Jimmy Duggan is talking to Dottie Hinson in “A League of Their Own” about her decision to leave baseball. She tells Jimmy that playing “… baseball just got too hard”. His answer is about baseball and a whole lot more. “It’s supposed to be hard. If it wasn’t hard, everyone would do it. The hard is what makes it great.” We apply this insight to the teaching and learning of children in the 2021-22 school year.
What do we know?
No teacher, school leader, or school board member working today has experienced the type of challenges we all face in opening the 21-22 school year. We have no prior experience to tell us what to do. After more than a school year in various stages of campus closures, remote instruction, daily screen time interactions, and still within a national pandemic, there is an expectation that we can create normalcy in September. To add icing to this dire circumstance, principals and teachers have little to no accurate data regarding student learning in the 2019-20 and 2020-21 school years. Hard is an understatement.

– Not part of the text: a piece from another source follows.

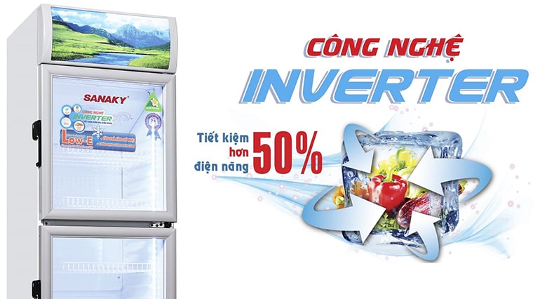 Tủ mát Sanaky VH-358W3L sở hữu công nghệ inverter tiên tiến giúp máy nén vận hành ổn định, êm ái đồng thời giảm chi phí tiền điện một cách đáng kể. Hơn thế nữa, máy nén inverter còn hoạt động bền bỉ, tuổi thọ cao hạn chế hỏng hóc.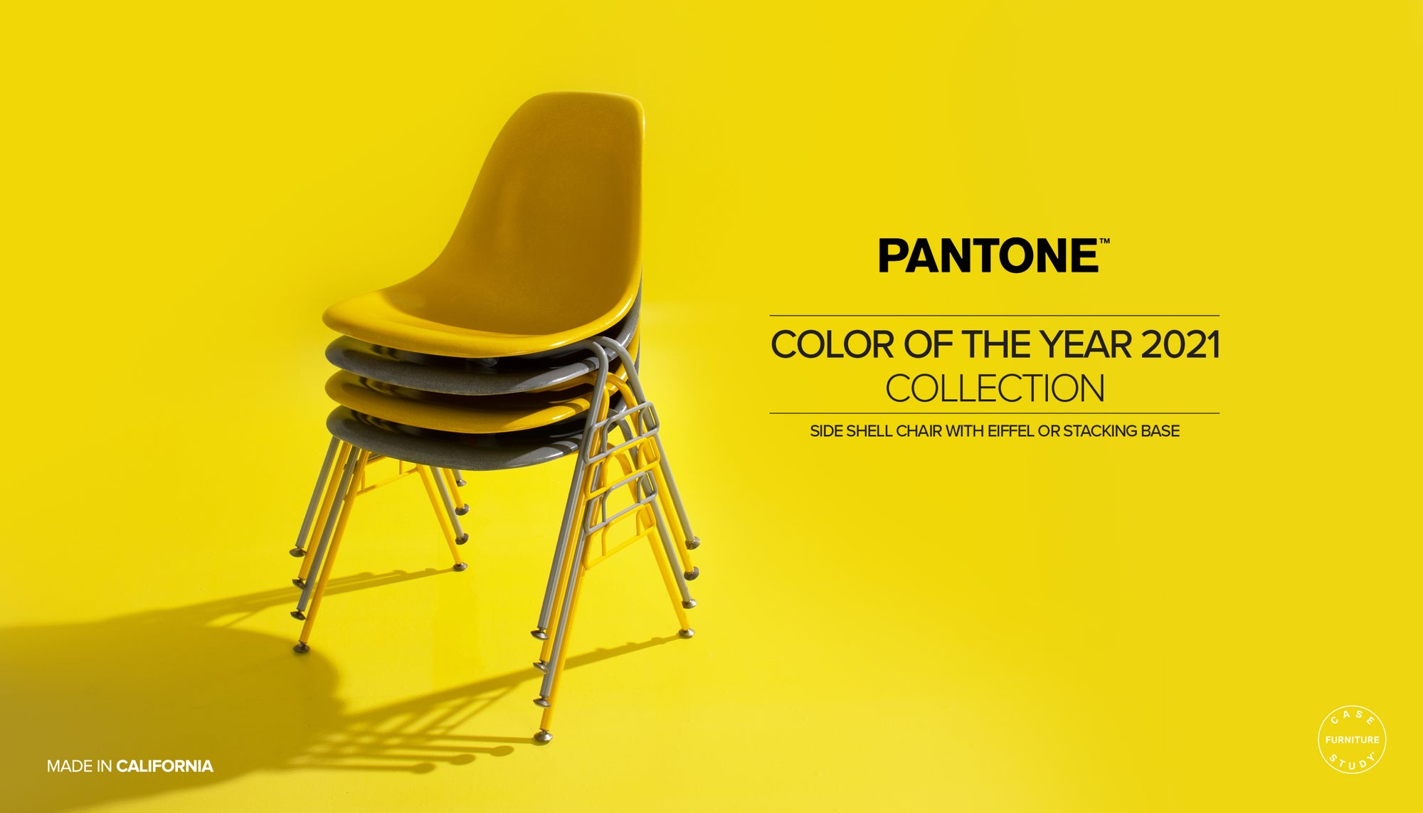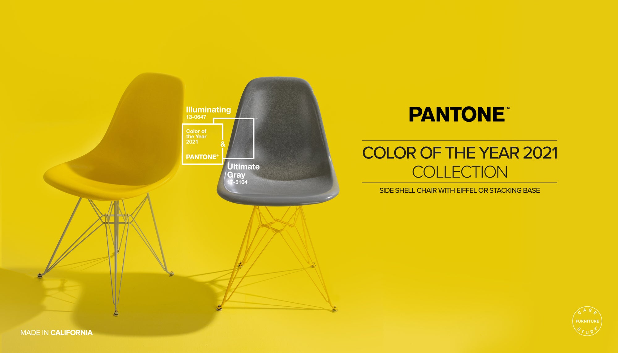 Modernica is honored to partner with Pantone™ for a limited edition Side Shell Eiffel & Stacking Chairs. In 2021, Pantone chose 2 Colors of the Year, 13-0647 Illuminating & 17-5104 Ultimate Gray. Two colors that highlight how different elements come together to support one another best express the mood for Pantone Color of the Year 2021.

The status of student learning is confusing. Some children were in-person students last spring. Some children were remote learners last spring. Some remote learners dropped in and out of active learning; their reasons were many and varied. Some children were home schooled. Some children enrolled in out-of-community schools that provided in-person learning and now return to their local school. Some children were provided district curriculum in 20-21 and others were provided vendor or on-line curriculum. A classroom in September will be a menagerie.
Statewide assessments in 20-21 were waived. School assessments in 20-21 were hit and miss. Data is not consistent across groups of children. Data is not complete for an individual child.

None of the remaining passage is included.